• **What is being asked**
Each line from the one containing "Την Παρασκευή 24" to the end of the data must be copied exactly, the first and last included; no other lines and no pictures belong in the copy.

• **Source data**
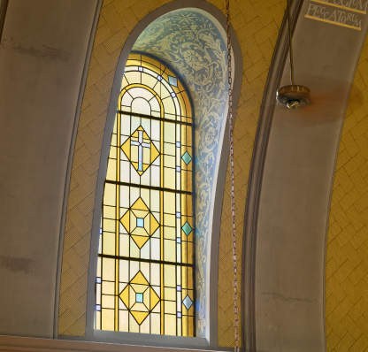 “Clerestory” is a medieval English word. It derives from “clere,” meaning “clear” or “light,” and “story,” which refers to the level of a building. Clerestory windows are a row of windows above the nave, symbolically bringing the light of heaven to the congregation. Light coming through these amber windows produces a sense of peace, worship, and quiet reflection.
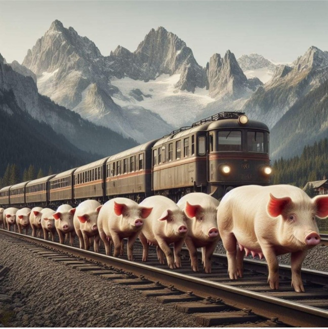 And this one, because I like pigs? Or rail travel? hell, just try it out, let the algorhythims figure out if he likes it...
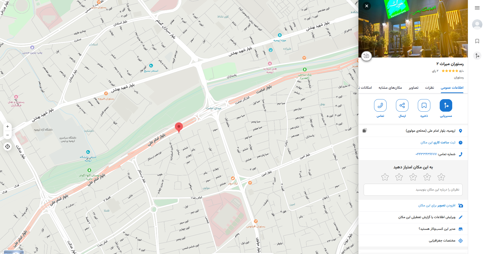 آدرس رستوران میراث در سایت مسیر یاب نشان : لینک صفحه
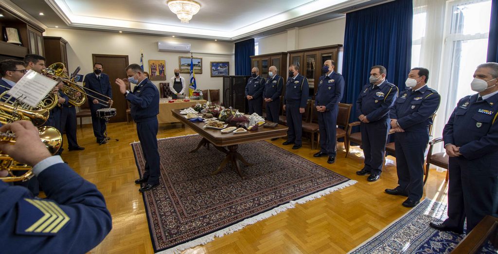 Την Παρασκευή 24 Δεκεμβρίου 2021, η Μπάντα της Πολεμικής Αεροπορίας έψαλε παραδοσιακά κάλαντα και χριστουγεννιάτικες μελωδίες, στον Αρχηγό του Γενικού Επιτελείου Αεροπορίας (ΓΕΑ), Αντιπτέραρχο (Ι) Γεώργιο Μπλιούμη και στην Ηγεσία του Επιτελείου.
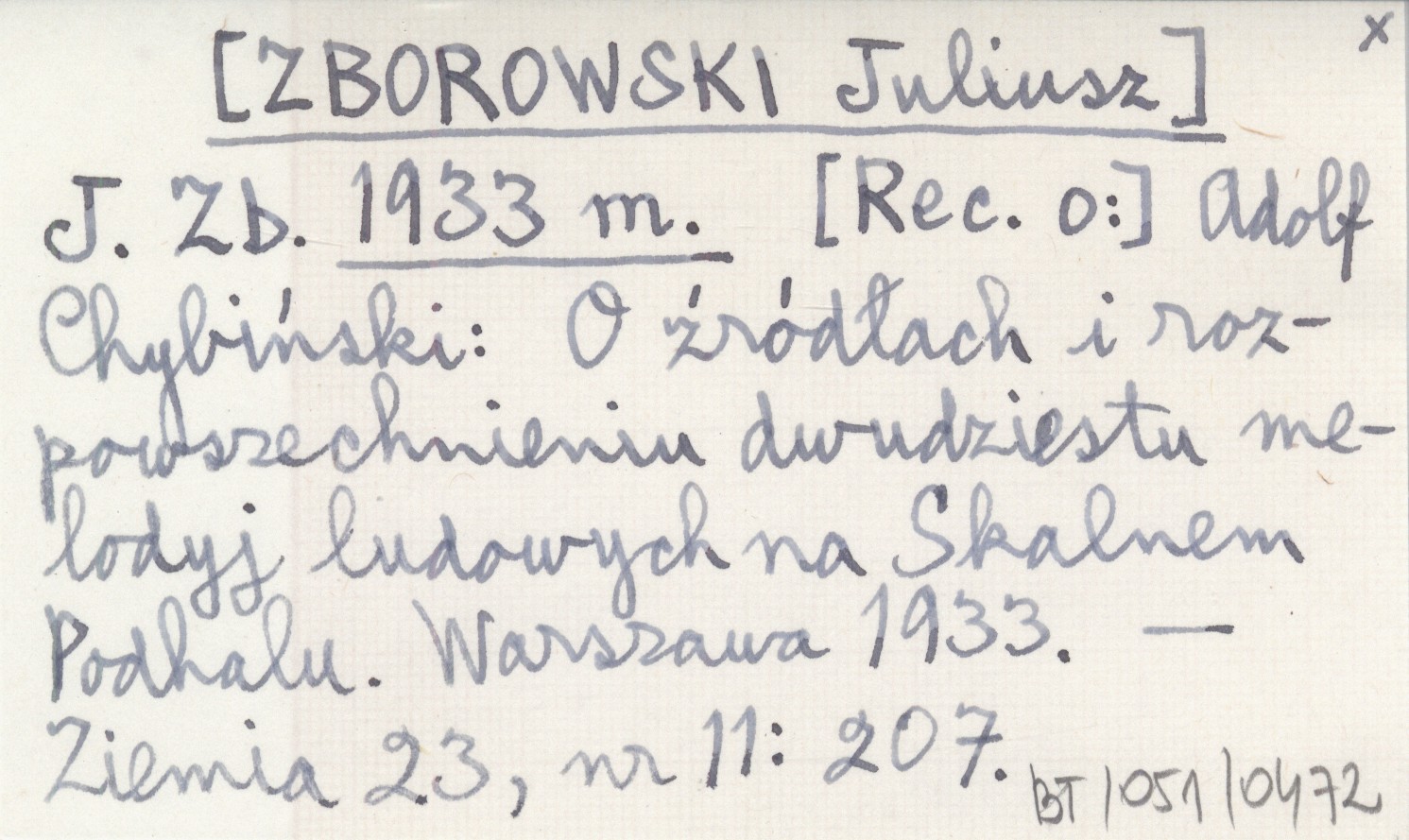 J. Zb. [ZBOROWSKI Juliusz] 1933 m [Rec. o:] Adolf Chybiński: O źródłach i rozpowszechnieniu dwudziestu melodyj ludowych na Skalnem Podhalu. Warszawa 1933.

• **Task answer**
 Την Παρασκευή 24 Δεκεμβρίου 2021, η Μπάντα της Πολεμικής Αεροπορίας έψαλε παραδοσιακά κάλαντα και χριστουγεννιάτικες μελωδίες, στον Αρχηγό του Γενικού Επιτελείου Αεροπορίας (ΓΕΑ), Αντιπτέραρχο (Ι) Γεώργιο Μπλιούμη και στην Ηγεσία του Επιτελείου.
 J. Zb. [ZBOROWSKI Juliusz] 1933 m [Rec. o:] Adolf Chybiński: O źródłach i rozpowszechnieniu dwudziestu melodyj ludowych na Skalnem Podhalu. Warszawa 1933.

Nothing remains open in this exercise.